While making an investment decision or while accepting or rejecting any bet, the important question to ask always is – “What’s the alternative?”
Warren Buffett, in his 2014 letter to shareholders, wrote…
We will never play financial Russian roulette with the funds you’ve entrusted to us, even if the metaphorical gun has 100 chambers and only one bullet. In our view, it is madness to risk losing what you need in pursuing what you simply desire.
Russian roulette is a game where the player is given the option to take a revolver, having only one bullet, put it on his own head and pull the trigger. If he survives, he stands to win a huge sum, say US$ 10 million. What’s the expected payoff for such bet?

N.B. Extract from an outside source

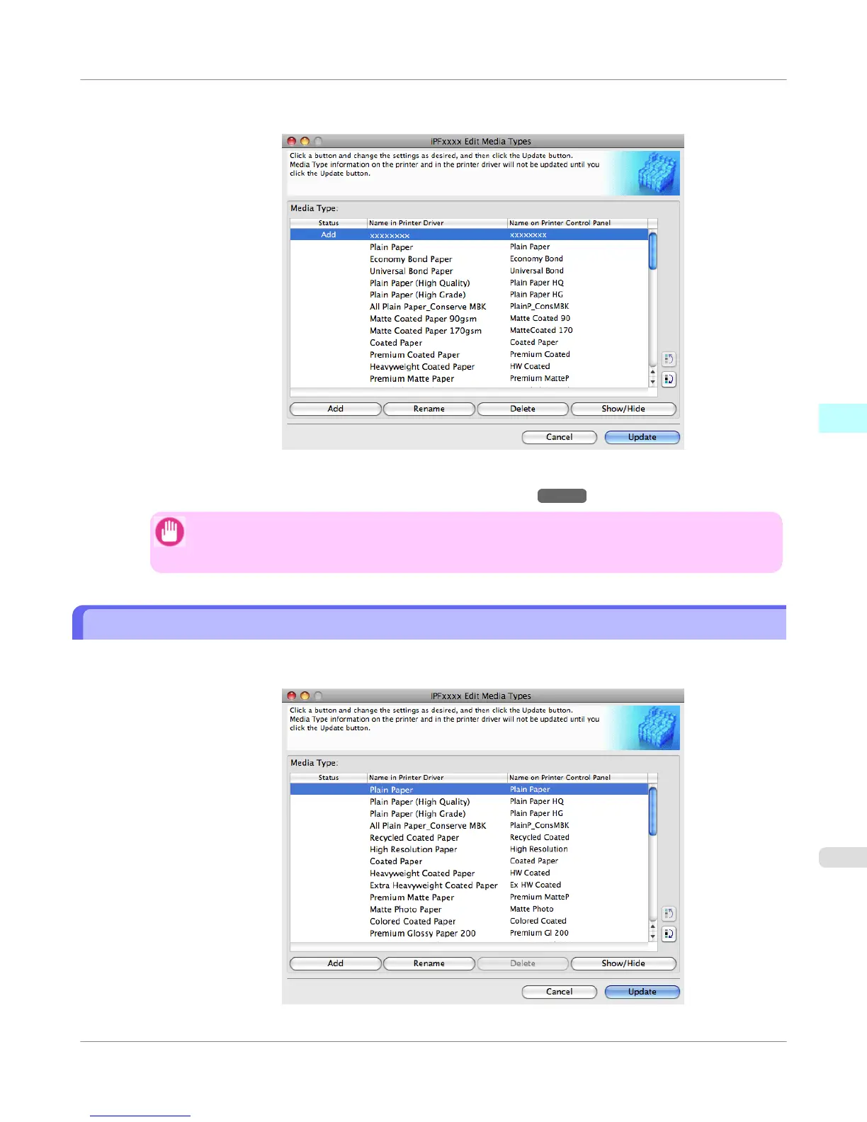 The Update Media Types wizard is started at this point. For details on the procedure to update paper information
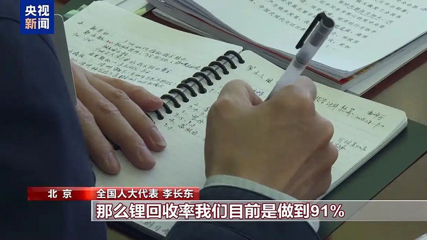 全國人大代表 李長東(采訪):它是一個放錯位置的資源,不管是里面的銅、鋁,包括外殼的不銹鋼,包括里面的負極材料,我們都可以有效回收。目前電池回收根據(jù)金屬不同,比如鎳、鈷、錳這些有價的金屬,今天可以做到99.3%,鋰回收率我們目前做到91%。

In this game, the probability of surviving is 5/6 (assuming 6 chambers in the revolver) and the upside is US$ 10 million. Whereas probability of encountering the bullet is 1/6 and outcome of this event is the loss of one’s life. You can’t really calculate the expected payoff in this case for how do you put a loss amount on death? I guess it’s infinite.
So even if the payoff were to be in billions and even if the revolver had not six but 1000 chambers with only a single bullet, you still can’t calculate the expected value since the downside is infinite. Buffett was implying that if the downside of a bet is unacceptable to you, no matter how low the probability, you shouldn’t accept the bet.